**Data**:
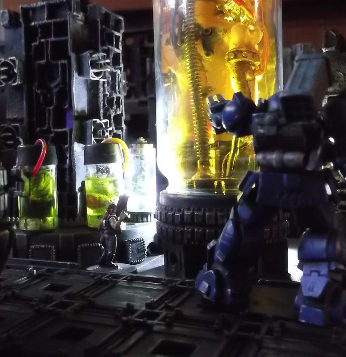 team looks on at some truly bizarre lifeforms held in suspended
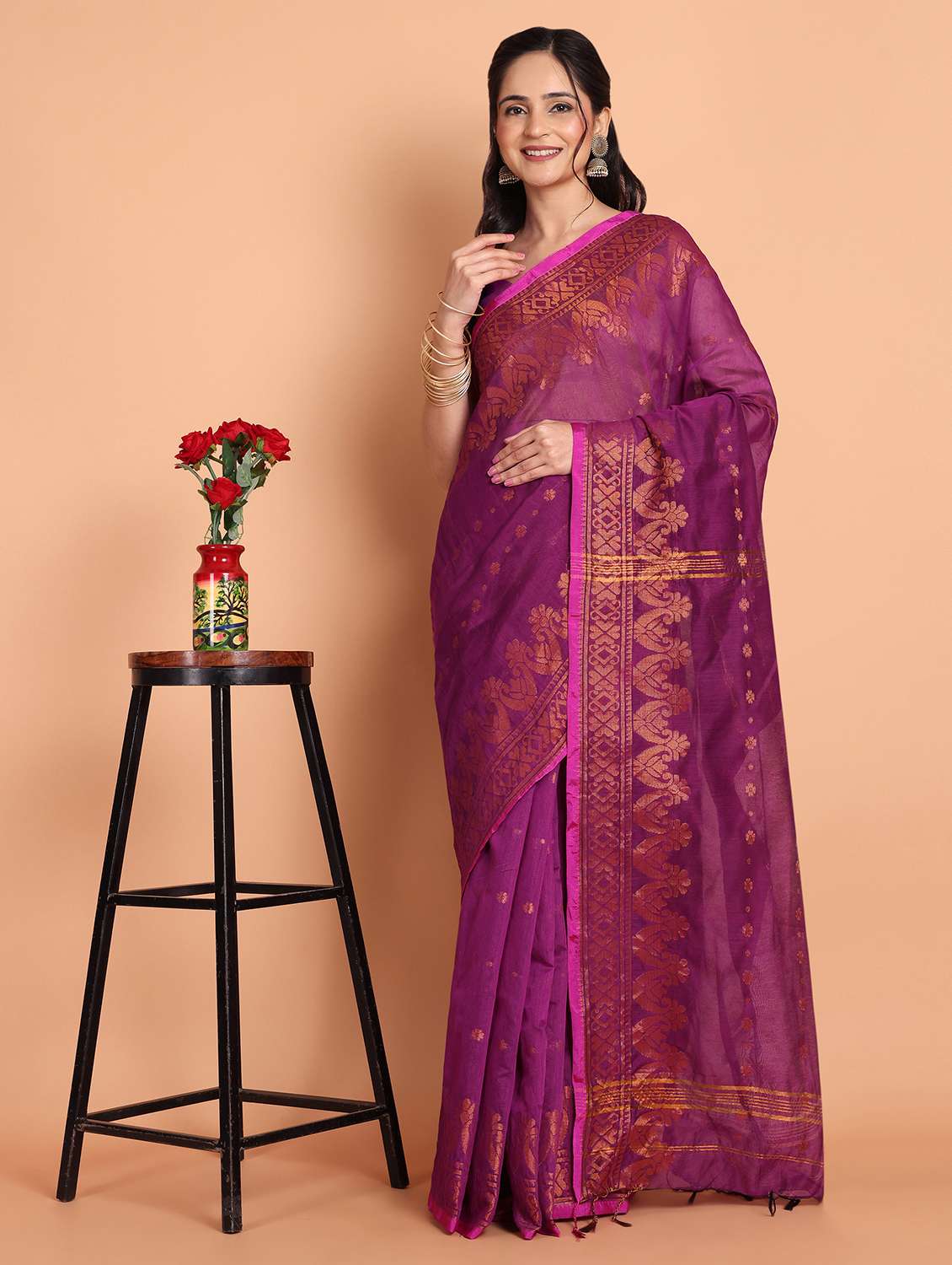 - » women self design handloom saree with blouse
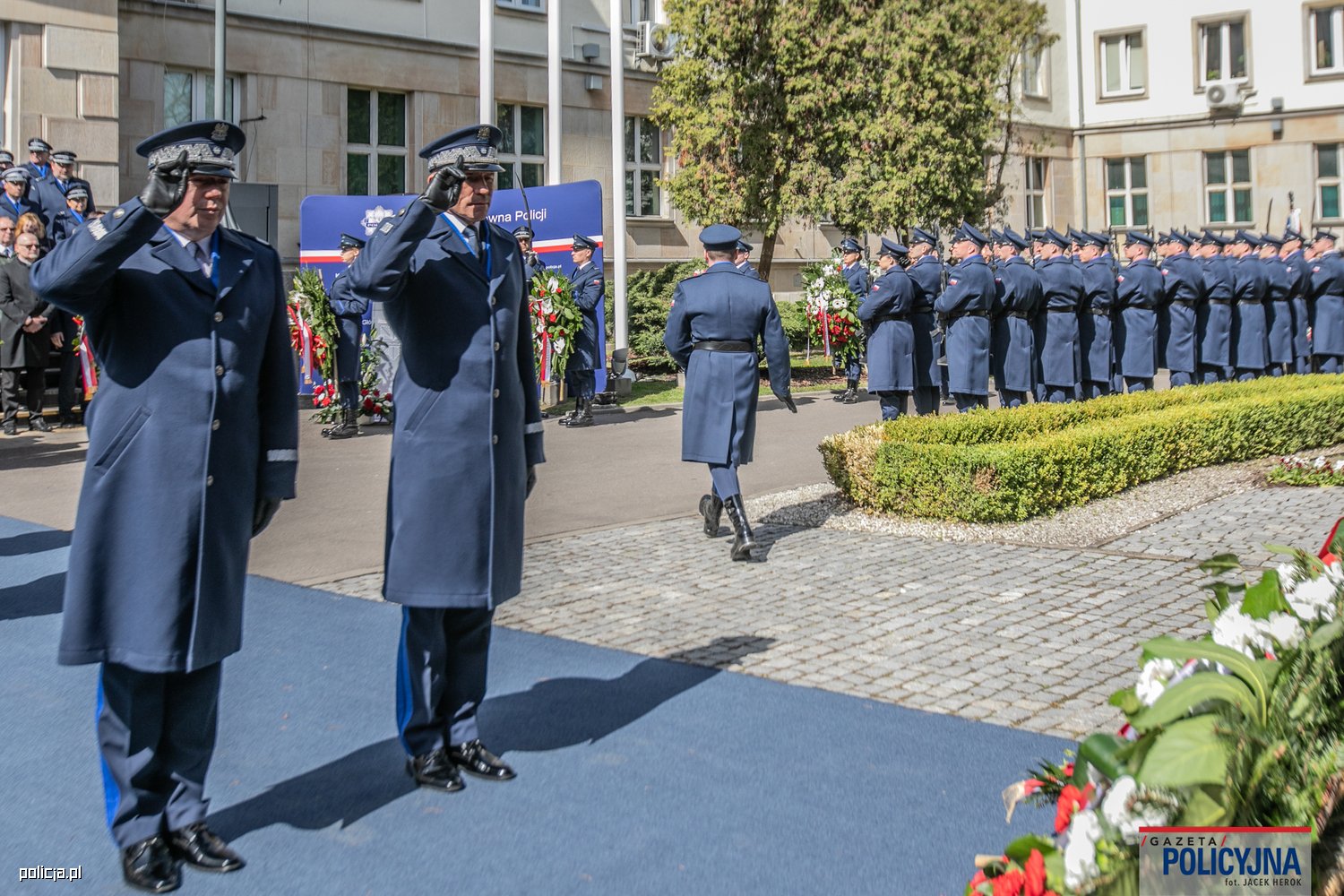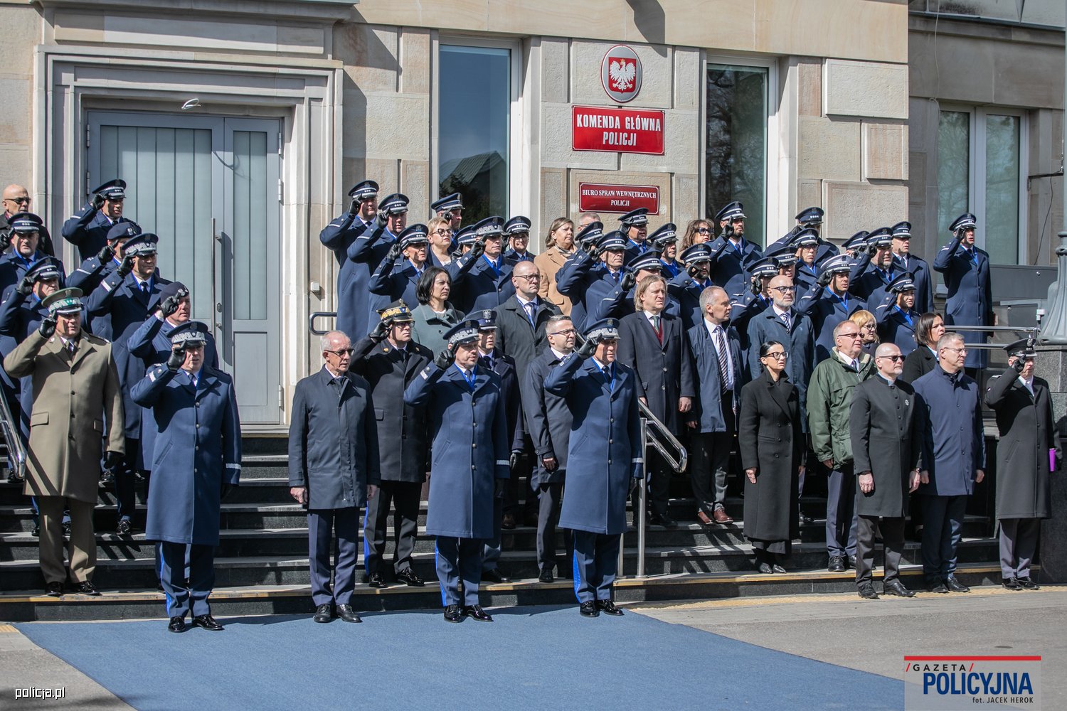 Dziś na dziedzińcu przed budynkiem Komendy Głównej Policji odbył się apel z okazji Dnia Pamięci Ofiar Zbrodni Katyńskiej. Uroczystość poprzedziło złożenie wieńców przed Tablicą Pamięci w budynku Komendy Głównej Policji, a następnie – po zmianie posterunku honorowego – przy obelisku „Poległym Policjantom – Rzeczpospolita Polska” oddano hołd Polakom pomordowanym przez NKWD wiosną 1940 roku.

**About this task**:
The listing above must be repeated exactly, apart from the pictures.

**Task solution**:
 team looks on at some truly bizarre lifeforms held in suspended
 - » women self design handloom saree with blouse
 Dziś na dziedzińcu przed budynkiem Komendy Głównej Policji odbył się apel z okazji Dnia Pamięci Ofiar Zbrodni Katyńskiej. Uroczystość poprzedziło złożenie wieńców przed Tablicą Pamięci w budynku Komendy Głównej Policji, a następnie – po zmianie posterunku honorowego – przy obelisku „Poległym Policjantom – Rzeczpospolita Polska” oddano hołd Polakom pomordowanym przez NKWD wiosną 1940 roku.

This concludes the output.